Visual Studio Version

No response

GCC / Compiler Version

gcc 10.4, cmake 3.27, pthon 3.10 running in docker image FROM nvidia/cuda:11.8.0-cudnn8-devel-ubuntu20.04

BengtGustafsson commented 12 months ago

mobile was wrongly guessed by bot. This is on Linux/desktop.

jywu-msft commented 12 months ago

fyi, to run cmake without building you can omit --build and only pass --update to the build script. --update --build will generate makefiles and build (but not test) and the default for the build script is --update --build --test the reason we link to tensorrt instructions in our build instructions is there are different ways to install tensorrt (on different platforms) and other nvidia dependencies (cuda, cudnn etc.). Can you use this dockerfile as reference you can see how it installs tensorrt packages at https://github.com/microsoft/onnxruntime/blob/35ecce45496ee752bc3f85618eba713bb50e6069/tools/ci_build/github/linux/docker/Dockerfile.ubuntu_cuda11_8_tensorrt8_6#L34

jywu-msft commented 12 months ago

btw, i suspect the source of your issue is you're installing tensorrt-dev without specifying a version so I think it's picking up the latest version that's built against cuda 12.x , which may conflict/update base image version of 11.8 , that's why cmake isn't able to figure out which cuda compiler to use. you can confirm in your logs that it is doing this (probably you will see it installing tensorrt and also any dependencies on cuda 12.x packages)

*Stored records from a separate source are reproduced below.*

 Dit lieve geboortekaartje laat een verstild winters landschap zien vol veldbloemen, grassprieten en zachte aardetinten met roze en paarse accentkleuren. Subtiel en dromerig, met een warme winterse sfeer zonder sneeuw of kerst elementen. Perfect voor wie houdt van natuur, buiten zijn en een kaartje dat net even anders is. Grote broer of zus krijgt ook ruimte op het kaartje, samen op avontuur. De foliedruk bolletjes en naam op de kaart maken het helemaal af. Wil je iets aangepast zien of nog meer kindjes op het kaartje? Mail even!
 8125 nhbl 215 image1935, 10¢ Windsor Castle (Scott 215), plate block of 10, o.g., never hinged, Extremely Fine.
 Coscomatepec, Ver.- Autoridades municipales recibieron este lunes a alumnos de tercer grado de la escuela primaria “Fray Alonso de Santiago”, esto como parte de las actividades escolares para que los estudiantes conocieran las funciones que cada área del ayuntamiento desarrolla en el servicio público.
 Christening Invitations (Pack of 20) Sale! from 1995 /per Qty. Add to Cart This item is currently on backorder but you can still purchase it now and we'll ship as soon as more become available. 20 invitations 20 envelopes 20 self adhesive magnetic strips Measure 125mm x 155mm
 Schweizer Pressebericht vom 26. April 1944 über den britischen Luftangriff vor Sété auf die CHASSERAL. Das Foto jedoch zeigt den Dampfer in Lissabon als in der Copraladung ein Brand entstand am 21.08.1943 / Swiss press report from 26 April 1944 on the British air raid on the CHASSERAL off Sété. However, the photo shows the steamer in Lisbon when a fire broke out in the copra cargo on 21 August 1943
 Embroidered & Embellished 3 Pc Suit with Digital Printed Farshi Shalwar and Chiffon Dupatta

jywu-msft commented 12 months ago

tensorrt install instructions are at https://docs.nvidia.com/deeplearning/tensorrt/install-guide/index.html#installing

the relevant section states "When using the CUDA network repository, Ubuntu will by default install TensorRT for the latest CUDA version. The following commands will install libnvinfer8 and related TensorRT packages for an older CUDA version and hold the libnvinfer8 package at this version. Replace 8.x.x.x with your version of TensorRT and cudax.x with your CUDA version for your install. version="8.x.x.x-1+cudax.x" sudo apt-get install tensorrt-dev=${version}

sudo apt-mark hold tensorrt-dev If you want to upgrade to the latest version of TensorRT or the latest version of CUDA, then you can unhold the libnvinfer-dev package using the following command. sudo apt-mark unhold tensorrt-dev You may need to repeat these steps for libcudnn8 to prevent cuDNN from being updated to the latest CUDA version. Refer to the NVIDIA TensorRT Release Notes for the specific version of cuDNN that was tested with your version of TensorRT. Example commands for downgrading and holding the cuDNN version can be found in Upgrading TensorRT. Refer to the NVIDIA cuDNN Installation Guide for additional information.

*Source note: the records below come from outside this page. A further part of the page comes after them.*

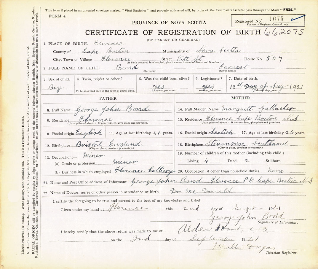 21. Name and Post Office address of Informant George John Bond Florence Post Office, Cape Breton
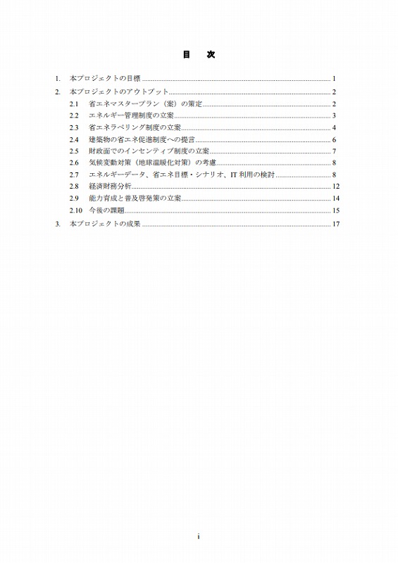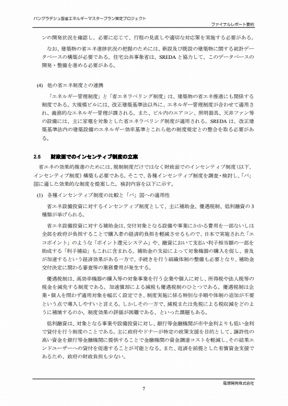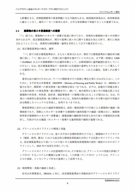 「バ」国では、建築物のエネルギー消費が急速に伸びており、効果的な建築物の省エネ対策が求められる中、改正建築基準法が、現行の基準に省エネに関する規定を加える形で、新たに発効されようとしている。効果的な制度構築・運用を目的として以下の提言を行った。
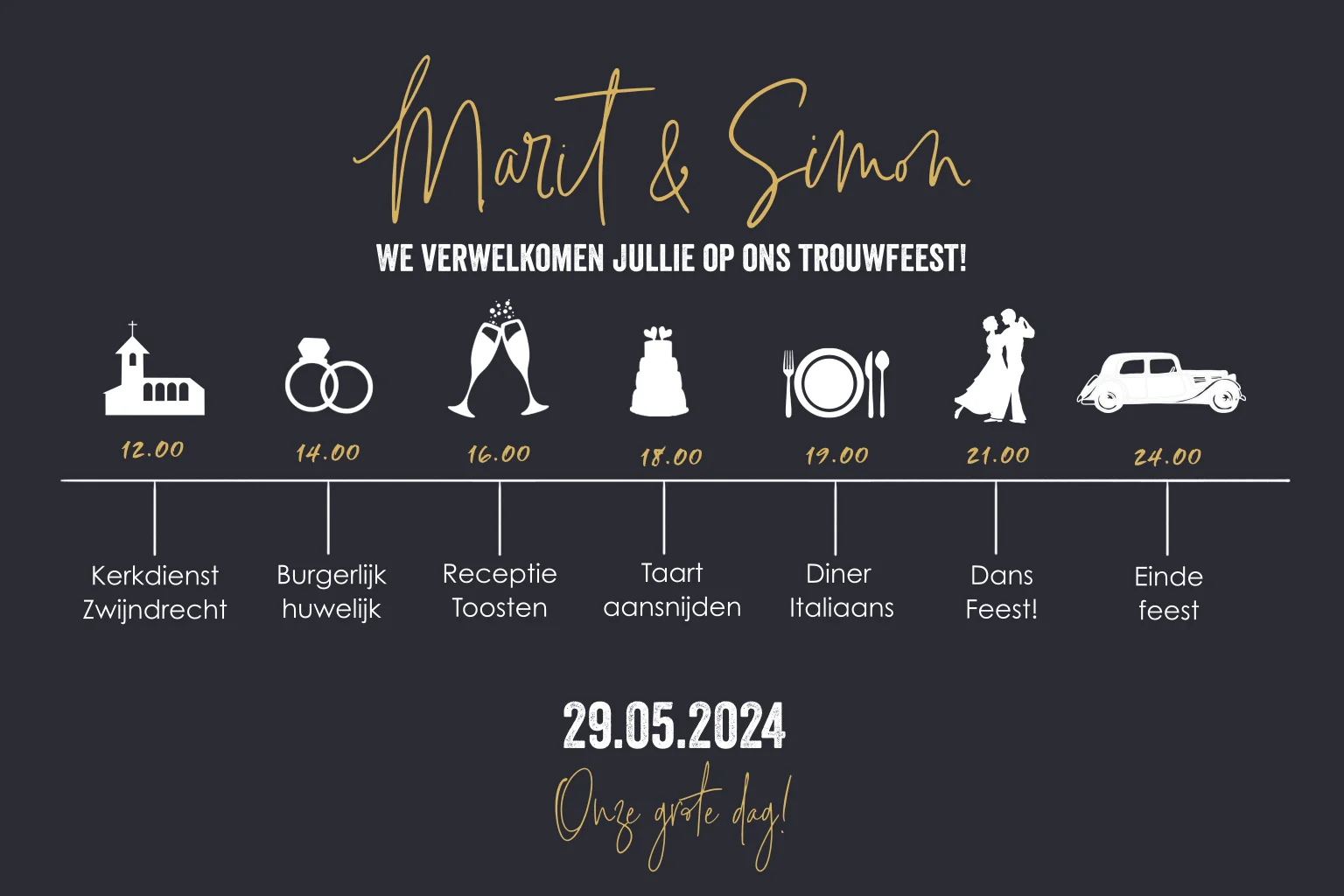 Deze moderne bruiloftsuitnodiging heeft op de voorkant een tijdlijn met witte icoontjes en sierlijke gouden letters die je zelf kunt aanpassen in de online editor. Op de achterkant is ook ruimte voor eigen tekst.

If the CUDA network repository and a TensorRT local repository are enabled at the same time you may observe package conflicts with either TensorRT or cuDNN. You will need to configure APT so that it prefers local packages over network packages. You can do this by creating a new file at /etc/apt/preferences.d/local-repo with the following lines: Package: * Pin: origin "" Pin-Priority: 1001 Note: This preference change will affect more than just TensorRT in the unlikely event that you have other repositories which are also not downloaded over HTTP(S). To revert APT to its original behavior simply remove the newly created file."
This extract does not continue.